On Thu, 19 Sept 2024 at 11:18, Sebastian Reichel
<sebastian.reichel@xxxxxxxxxxxxx> wrote:
>
> Hi,
>
> I got a report, that the Linux kernel crashes on Rock 5B when the panthor
> driver is loaded late after booting. The crash starts with the following
> shortened error print:
>
> rockchip-pm-domain fd8d8000.power-management:power-controller: failed to set domain 'gpu', val=0
> rockchip-pm-domain fd8d8000.power-management:power-controller: failed to get ack on domain 'gpu', val=0xa9fff
> SError Interrupt on CPU4, code 0x00000000be000411 -- SError
>
> This series first does some cleanups in the Rockchip power domain
> driver and changes the driver, so that it no longer tries to continue
> when it fails to enable a domain. This gets rid of the SError interrupt
> and long backtraces. But the kernel still hangs when it fails to enable
> a power domain. I have not done further analysis to check if that can
> be avoided.
>
> Last but not least this provides a fix for the GPU power domain failing
> to get enabled - after some testing from my side it seems to require the
> GPU voltage supply to be enabled.
>
> I'm not really happy about the hack to get a regulator for a sub-node,
> which I took over from the Mediatek driver.

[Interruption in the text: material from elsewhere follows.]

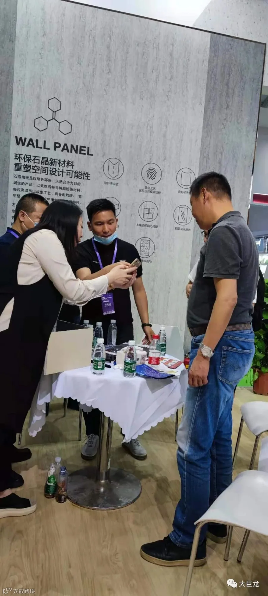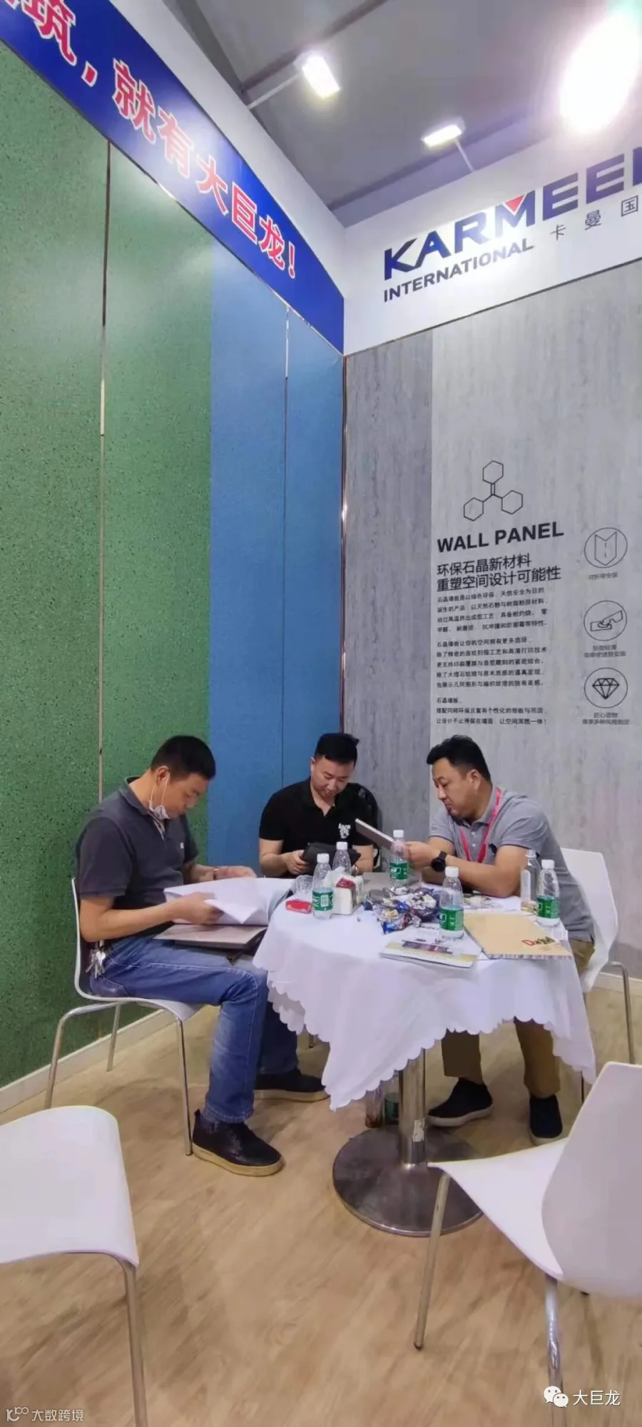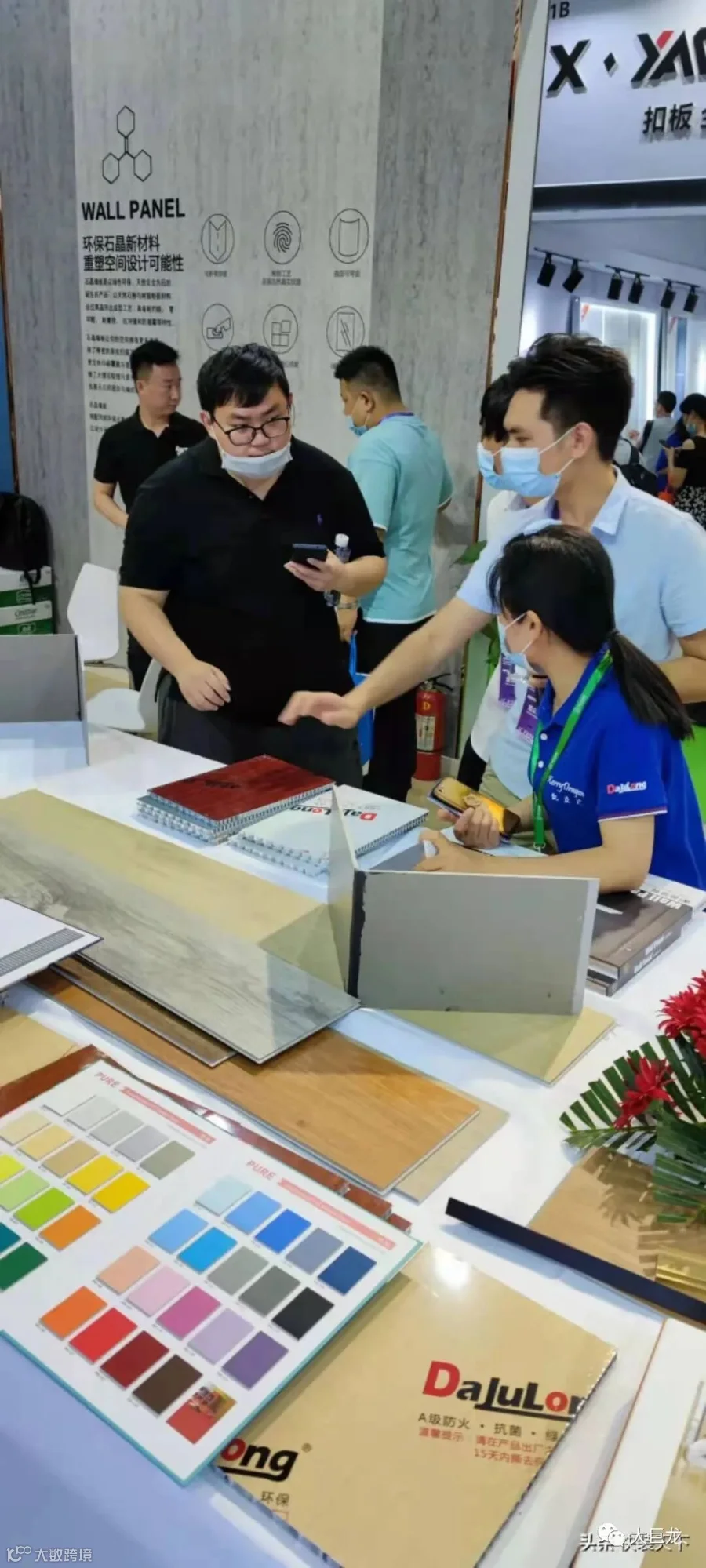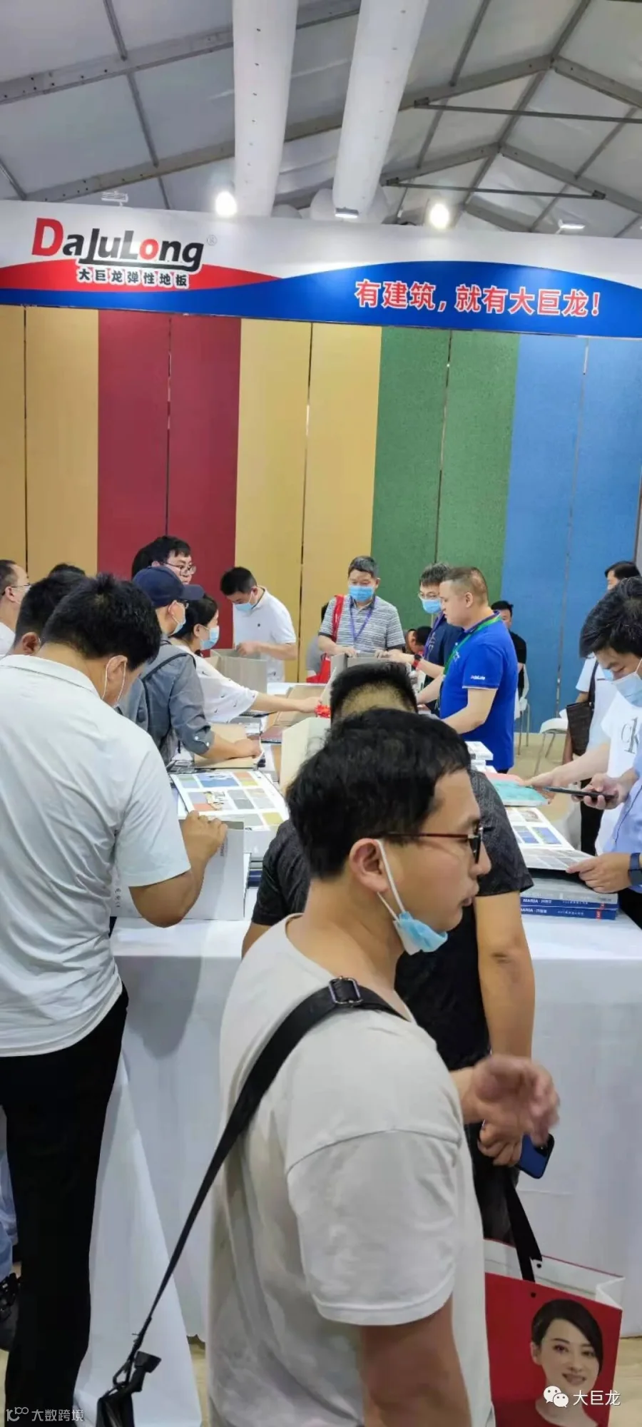 大巨龙集团董事长从搭建展馆开始就非常重视,今天亲临现场向来宾推介旗下石晶墙板新产品。期间,中吊顶协会秘书长刘春、中国弹性地板协会秘书长马金、中国快装产业协会秘书长刘亚勋等行业领导先后莅临大巨龙展台参观指导。

I discussed this with
> Chen-Yu Tsai and Heiko Stübner at OSS EU and the plan is:
>
> 1. Merge Rockchip PM domain driver with this hack for now, since DRM CI
> people need it
> 2. Chen-Yu will work on a series, which fixes the hack in Mediatek by
> introducing a new devm_regulator_get function taking an DT node as
> additional argument
> 3. Rockchip PM domain later will switch to that once it has landed

I have just queued up 2) on my next branch.

My suggestion is to skip the intermediate step in 1) and go directly
for 3) instead, unless you think there is a problem with that, of
course?

[...]

Kind regards
Uffe